In Television's "Marquee Moon" from 1977, Tom Verlaine issues a shuffling call to action. First, he's "just waiting," then "hesitating" for "a kiss of death, the embrace of life" — life only comes to him. But then something shakes Verlaine in the third chorus as a defiant voice finally boasts, "I ain't waiting, uh-uh." That's where the music finds purpose, with the iconic riff suddenly becoming a staccato slash through the dark.

And that's where Chris Forsyth & The Solar Motel Band takes the name of a new track, "I Ain't Waiting," from its forthcoming album Intensity Ghost.

Forsyth has been slashing through and then reconnecting strands of American music for a decade now, whether it be in the unclassifiable WTF that is Peeesseye or in the solo guitar records that rip pages out of the American Primitive songbook. With the Solar Motel Band, Forsyth seeks the endless jam at the intersection of Television and The Grateful Dead. Or at least that's where it begins.

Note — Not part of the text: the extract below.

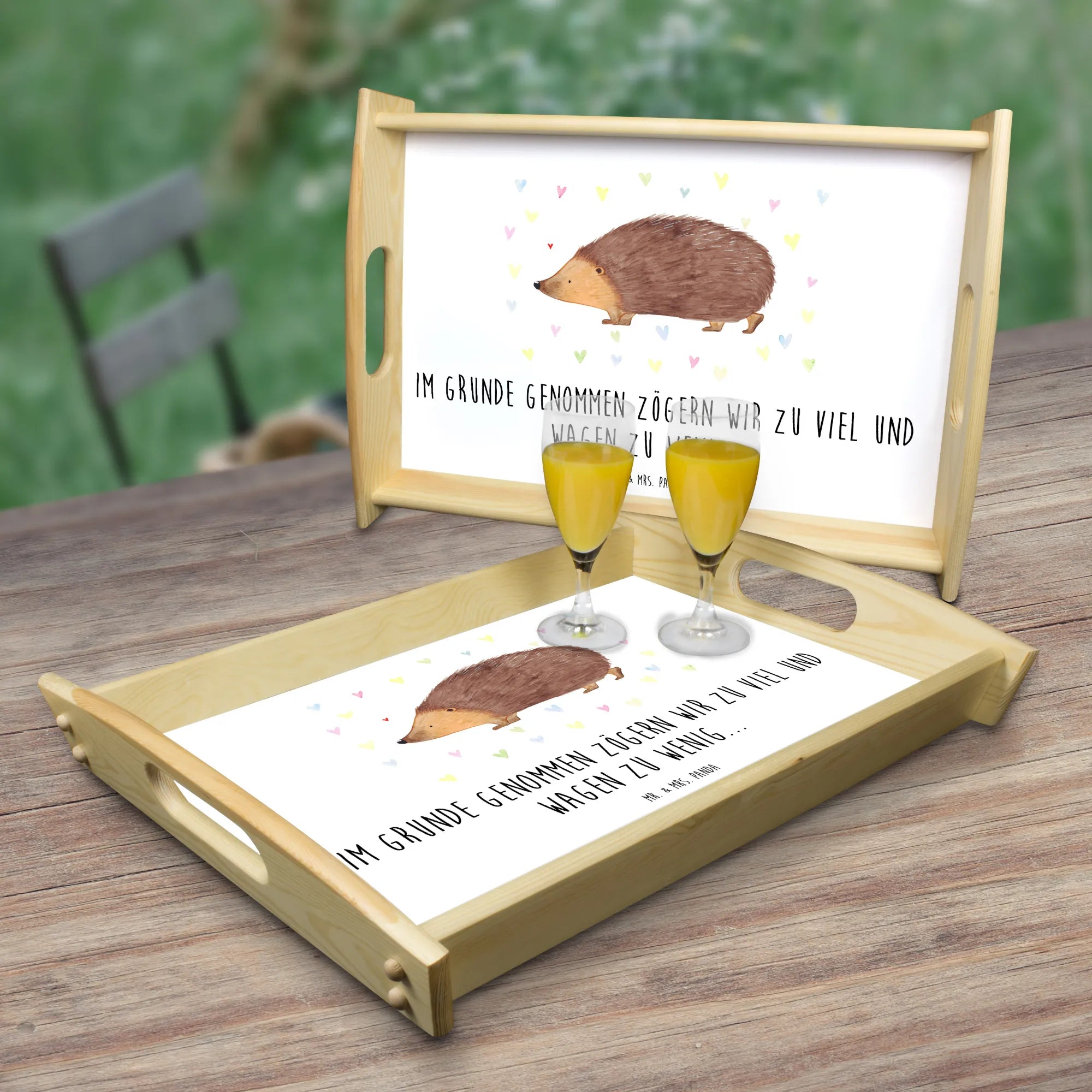 Serving tray Hedgehog hearts - with saying - White

In a live studio session recorded for XPN's The Key last year, "I Ain't Waiting" was loose, but also a little unsure in its footing. On Intensity Ghost, the gauzy Popol Vuh vibes set a meditative tone that slowly builds with cascading scales over a lounge-y guitar. The shifts in temperament and triumph are so subtle that it's difficult to figure out just where the arresting climax begins, all while you're hoping that it never ends.

Intensity Ghost comes out Oct. 28 on No Quarter.